Tesla Inc’s long-awaited entry into India has delivered underwhelming results so far, with tepid bookings fueling fresh doubts about the company’s global growth outlook.
The Elon Musk-led electric vehicle maker has received orders for just over 600 cars since launching sales in mid-July, a number that’s fallen short of the company’s own expectations, according to people familiar with the matter. That’s roughly the number of vehicles Tesla delivered every four hours globally during the first half of the year.
Tesla now plans to ship between 350 to 500 cars to India this year, of which the first batch is slated to land from Shanghai in early September, said the people, who asked not to be identified discussing confidential matters.
Deliveries will initially be limited to the cities of Mumbai, Delhi, Pune and Gurugram, they said. The size of the shipment is based on the full payments it has received for the cars, as well as Tesla’s ability to deliver outside of the four cities it currently has a physical footprint in.
The company had originally aimed to utilise its full 2,500-car annual quota this year, Bloomberg News reported earlier.
While the company was banking on its brand power and its chief executive officer’s once-cozy ties with Donald Trump to break into India’s nascent EV sector, Musk’s public fallout with the US President, deteriorating bilateral ties, high local import taxes and the harsh reality of a price-sensitive market have unraveled that equation.

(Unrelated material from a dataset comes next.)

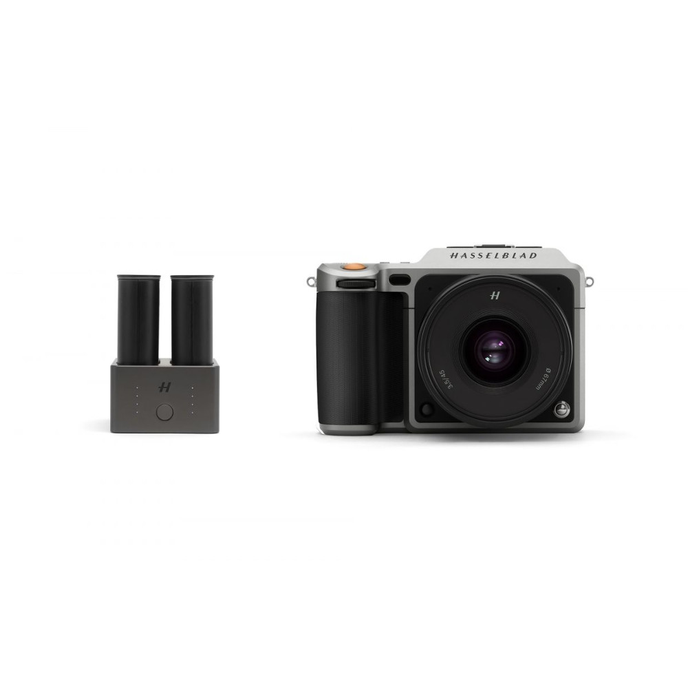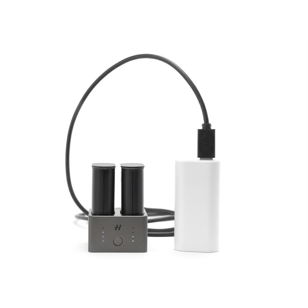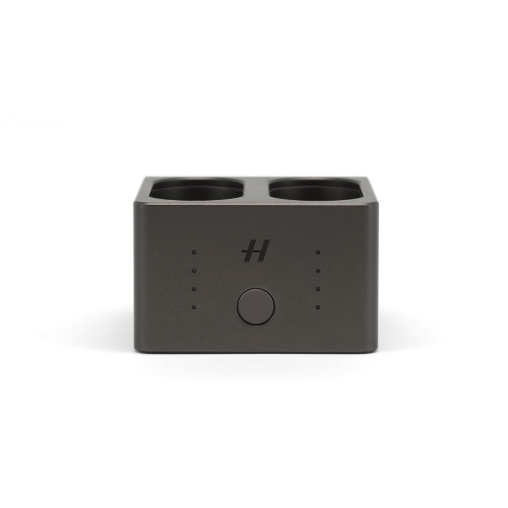 A Hasselblad töltőközpontja az X1D-50c fényképezőgéphez kettős foglalatot tartalmaz, amely támogatja két akkumulátor egyidejű töltését.

Tesla didn’t immediately respond to an emailed request for comments.
Due to high import tariffs, Tesla’s entry-level model in India is priced north of 6 million rupees ($68,000), well above the 2.2 million rupee mark where most EV sales occur, according to data from auto intelligence firm JATO Dynamics. That effectively places the base variant of Model Y out of reach of the vast majority of Indian consumers, in a market where EVs still account for just over 5% of total car sales.

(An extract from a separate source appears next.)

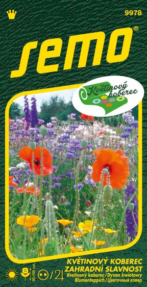 ZAHRADNÍ SLAVNOST (kód 9978) - kolekce KVĚTINOVÝ KOBEREC - směs složená z 12 dvouletek a 21 trvalek, propojuje venkovskou zahradu s navazující loukou. Snadno a bez plotu budete začátkem léta procházet mezi květy chrpy, máku, kopretin i lupiny. Letní atmosféru doplní i vůně večernice, která přivábí nejednoho nočního motýla. Časem se připojí kokarda, mavuň, hvozdík a další léty prověřené trvalky. Vyséváme v červnu až červenci, směs kvete v příštím roce od konce května. Výška rostlin je 30-100 cm.

The tepid reception in India underscores the headwinds Tesla faces while chasing new growth markets, as challenges mount in China and the US — its two largest markets. Sales fell 13% last quarter, and the company is under pressure to avoid a second consecutive year of decline.

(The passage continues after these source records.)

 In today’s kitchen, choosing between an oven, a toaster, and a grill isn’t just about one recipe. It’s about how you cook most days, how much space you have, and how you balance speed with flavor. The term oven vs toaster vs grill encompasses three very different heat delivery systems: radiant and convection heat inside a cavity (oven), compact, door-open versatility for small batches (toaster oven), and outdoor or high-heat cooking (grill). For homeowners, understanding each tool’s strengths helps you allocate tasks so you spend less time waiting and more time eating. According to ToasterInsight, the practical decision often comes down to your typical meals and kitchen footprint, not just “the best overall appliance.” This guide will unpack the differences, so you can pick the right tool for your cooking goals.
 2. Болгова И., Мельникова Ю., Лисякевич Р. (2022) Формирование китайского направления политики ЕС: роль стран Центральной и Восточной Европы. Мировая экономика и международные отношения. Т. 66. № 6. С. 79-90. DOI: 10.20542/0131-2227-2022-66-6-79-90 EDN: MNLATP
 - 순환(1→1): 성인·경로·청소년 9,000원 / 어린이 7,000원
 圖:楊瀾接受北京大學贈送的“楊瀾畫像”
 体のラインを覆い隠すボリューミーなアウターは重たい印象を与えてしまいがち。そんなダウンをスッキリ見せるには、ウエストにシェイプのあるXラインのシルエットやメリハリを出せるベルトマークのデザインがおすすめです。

Tesla had bet that India’s import tariffs, which rise as high as 110%, would be lowered over time in trade negotiations with the US. But that looks increasingly unlikely after Trump slapped 50% tariffs on Indian exports, punishing the country for buying Russian oil.
Even the India-Europe free trade agreement involving preferred duties, which would have allowed Tesla to bring in cheaper shipments from its factory in Germany, has yet to be clinched.
To be sure, Tesla’s order tally is respectable by the niche size of India’s high-end EV market. Just over 2,800 electric cars priced between 4.5 million rupees and 7 million rupees were sold in the first half of 2025, according to data from JATO.
While Tesla has drawn crowds to its glassy showrooms — foot traffic hasn’t translated into sales at the scale Tesla had envisioned, they said. The company generally avoids aggressive marketing globally, banking on a brand name that was once synonymous with EVs. But that’s put it even more on the back foot in a local market where automakers tend to flood consumers with advertising.
Nonetheless, the carmaker is still cautiously expanding in India, installing Superchargers in Mumbai and Delhi and planning a third experience center in a South Indian city as part of its 2026 growth plans, the people said.
Meanwhile, Chinese rival BYD Co., now the top seller of EVs in the world, has managed to carve out a foothold in India. It sold more than 1,200 of its Sealion 7 SUVs in the first half of the year with a starting price of about 4.9 million rupees, according to data from JATO, despite facing the same high tariffs.